Economics and similar, for the sleep-deprived
A subtle change has been made to the comments links, so they no longer pop up. Does this in any way help with the problem about comments not appearing on permalinked posts, readers?
Update: seemingly not
Update: Oh yeah!
Thursday, March 25, 2010
Further ruminations on "if something's not worth doing, it's not worth doing well"
This always degenerates into a flamewar when I write it on CT, but I mean really, look at it. It's a random, but certainly not peripheral or nutpicked, example of an article in modern metaphysics & epistemology, on the subject of statements of the form:
Sue: "Bill could be in Boston"
Ted: "Actually, I just saw him board a flight to Houston"
Sue: "Oh. Then I was wrong".
Apparently it is very difficult to fit this sort of thing into a consistent logical framework. It's not a bad article, or even an uninteresting one - it's quite fascinating if you like logic puzzles and I do. But I mean really. "Oh, maybe I'm wrong then" - who doesn't understand that?
People who tackle problems like whether phrases like "Oh, maybe I'm wrong" imply that there are sentences whose truth conditions are indexical to a context of assessment, are, as a fact of sociology, some of the most prestigious and respected members of the profession and generally considered to be the most intelligent.
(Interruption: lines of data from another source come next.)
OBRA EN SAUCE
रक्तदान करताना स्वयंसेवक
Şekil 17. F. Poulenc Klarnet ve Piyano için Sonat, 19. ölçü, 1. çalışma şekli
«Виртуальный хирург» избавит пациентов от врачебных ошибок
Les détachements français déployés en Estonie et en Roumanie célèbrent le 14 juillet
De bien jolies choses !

Problems like this are considered to be the most important and difficult in philosophy.
People who think about questions like "Is war bad?", "Does life begin at conception?" or "Is it immoral to make workers redundant?", are much further down the food chain and often working in departments that don't even have "philosophy" in the title. Funny old world.
 Strangely, there is always an appreciative audience for material suggesting that economics has gone down a blind alley of pointless formalism, but when the same suggestion is made to the philosophers about their own subject, my gosh they don't like it. I think the original reference is in the Talmud, Bava Kama Chapter 5, "Rules Concerning a Goring Ox".
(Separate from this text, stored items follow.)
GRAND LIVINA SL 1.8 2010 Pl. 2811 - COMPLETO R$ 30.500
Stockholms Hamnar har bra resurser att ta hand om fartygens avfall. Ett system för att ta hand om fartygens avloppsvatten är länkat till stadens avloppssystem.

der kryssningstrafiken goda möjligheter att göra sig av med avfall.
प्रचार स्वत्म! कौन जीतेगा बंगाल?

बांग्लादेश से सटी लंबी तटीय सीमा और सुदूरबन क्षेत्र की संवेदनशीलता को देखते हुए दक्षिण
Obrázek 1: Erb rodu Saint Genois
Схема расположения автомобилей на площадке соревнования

 "High theorists" in any subject are, of course, always given to arguing that their abstract methodological discussions are vital in forming the tools which can be used to work on practical problems. There are two responses to this, which are in the first, "No they aren't", and in the second that high theorists certainly don't act or behave like support staff providing a secondary function to people doing the real work.
 "No", is imperfect here - the correct response, as the economist said to the philosopher, is a sweep underneath the chin with the fingertips.